2. Table Names: Database table names should be singular (Employee, Order, Transaction, Statistic, etc); they should be named for what each row in the table represents, not the entire collection. The reason is that, typically, there's a one-to-one mapping between a row in a database table and an object used in code. For example, in code, an instance variable referencing an Employee object should represent a single employee from the database while an an instance variable that's plural, such as Employees, should represent a collection of objects such as an array or dictionary.

3. Lookup Tables: A lookup table is a simple static database table that's used to populate a list or collection. For example, a list of countries that your company ships to. Perhaps, your company only ships to the U.S. and Canada. Later, when you start shipping to more countries, how do you update the pop-up list of countries on your website or mobile app? With a lookup table, you simply add another row to the table with the new country that you ship to. Updating the database table is easier than changing your code, recompiling, and deploying. Typically, a look up table also has a column representing a sort order. This is done so the list can be displayed in a specific order with, say, the U.S. listed first, instead of Afghanistan, since most of your customers are located in America.

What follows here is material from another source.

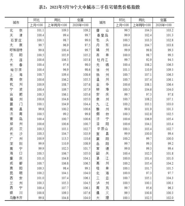 2021年5月70個(gè)大中城市二手住宅銷售價(jià)格指數(shù)。截圖自國家統(tǒng)計(jì)局官網(wǎng)

4. Compound Primary Keys: A database table should have a single primary key for a typical one-to-many relationship to another table (join). Sometimes, you need a many-to-many relationship. For example, a Person table/object joined to an Address. A person might have multiple addresses (homes), and an address might belong to multiple people. In these cases, where a many-to-many relationship is needed then a simple middle table is set up that contains only two columns which are both primary keys. One of the primary keys in the middle table is the primary key of the Person and the other is the primary key of the Address. Technically speaking, the two primary keys of the middle table are propagated foreign keys. One of the middle table's primary keys is a foreign key from the Person table and the other is a foreign key from the Address table.

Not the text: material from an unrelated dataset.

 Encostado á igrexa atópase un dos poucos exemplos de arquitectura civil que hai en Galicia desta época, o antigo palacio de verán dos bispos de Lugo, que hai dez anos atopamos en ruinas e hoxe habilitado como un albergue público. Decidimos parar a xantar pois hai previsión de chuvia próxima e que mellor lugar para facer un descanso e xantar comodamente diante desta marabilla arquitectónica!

I'm not aware of a practical case where more than two primary keys are needed in a database table. In cases where I've seen three (or more) primary keys in a database table I realized that the database designer didn't have a good understanding of relational databases. What they typically needed was a single primary key and indices created for their other columns to optimize their lookup speeds.

5. Number vs Varchar


Do not use a numeric type for defining data fields which won't be used for "math." In other words, credit card numbers, phone numbers, SSNs, etc., should be string types (i.e. varchars) in a database model. One specific problem I've encountered on a production system is when a developer stored the credit card security code (CSC) as a numeric data type. Although this credit card code is always numeric, it can contain an important leading zero. When I saw my CSC repeatedly failing at checkout on an e-commerce web site, I immediately knew the problem and confirmed it by reaching out to the DBA.